While the University of Austin is just one institution, it serves as a bellwether of the whole anti-woke project more generally—having been conceived as a sort of model liberal project by some of the leading lights of this movement. Its board of trustees includes historian Niall Ferguson and journalist Bari Weiss, while the board of advisors boasts Eric Kaufmann, economists Glenn Loury and Tyler Cowen, and famed evolutionary biologist Richard Dawkins. Harvard professor Steven Pinker was also an early advisor; as was social scientist Jonathan Haidt (a founder of the staunchly liberal-minded Heterodox Academy)—though both have since departed. Every one of these people has been featured by Quillette at one time or another, either as author or podcast guest. It says a lot about the stormy seas that liberals now face that even a once-impeccably liberal organisation such as this can begin listing to starboard just four years out of the shipyard.
I find these developments not just politically disturbing, but also personally disappointing.

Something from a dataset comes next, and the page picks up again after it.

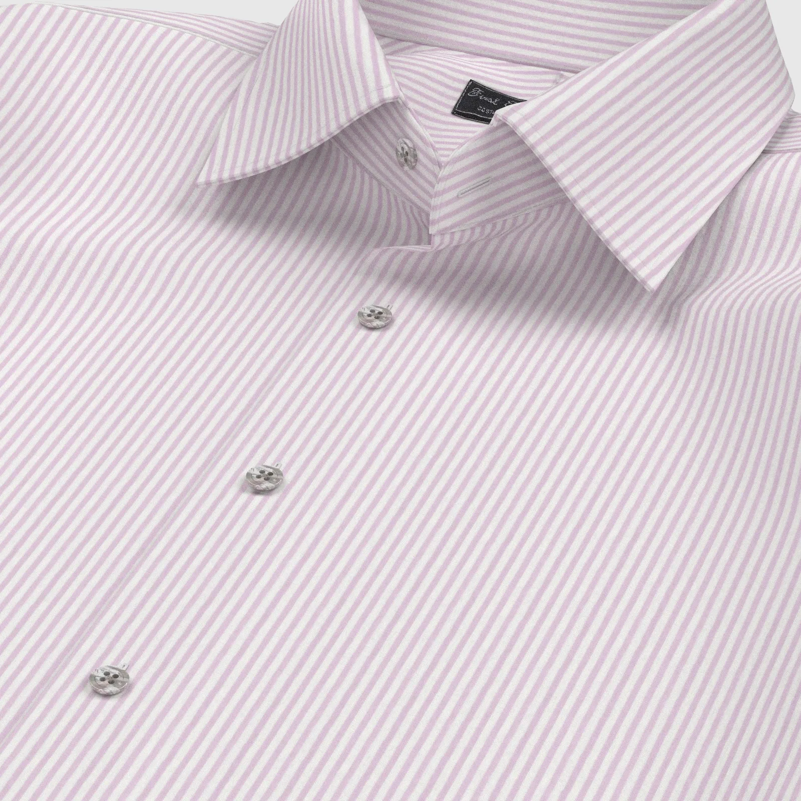詳細上質な国産の形態安定TC(綿×ポリエステル)素材のピンク・ロンドンストライプ生地となります。
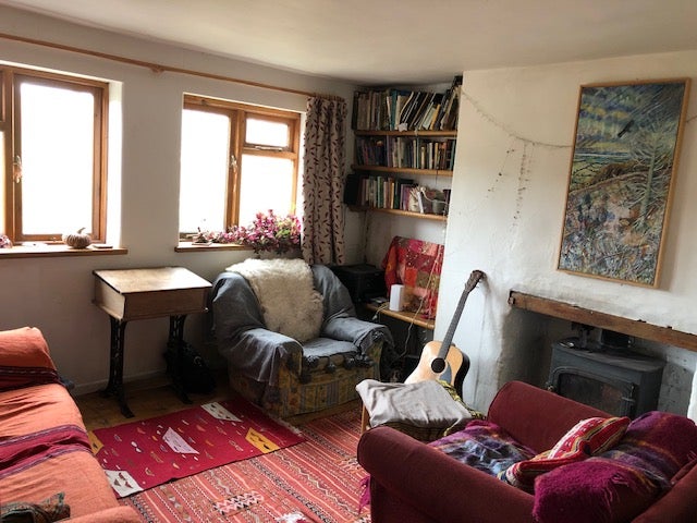 Woodstove. The house is a 1700s cottage with a garden that leads into the woods. It is on a quiet lane 10 mins cycle from Stroud centre.

Not so long ago, I imagined that the coalition of plucky liberal gadflies that began countering illiberal progressivism at around the time I began working for Quillette could be sustained indefinitely—and perhaps even solidify into a durable movement that would become my long-term political home. (I’ve never had one, and it would be nice if I finally did.) But that’s now been exposed as an exercise in wishful thinking.
O’Sullivan’s Law and Quillette’s Law (I promise that’s the last time I’ll use the phrase) both describe ideologically centrifugal forces—driving people away, in opposite directions, from the liberal democratic baseline that I’d always taken for granted as the natural resting point for mainstream intellectual life. Battling against illiberalism from both sides at the same time can feel like a lonely and hopeless intellectual project. But absent the emergence of some third law that will deliver me from my labours, I see no principled alternative.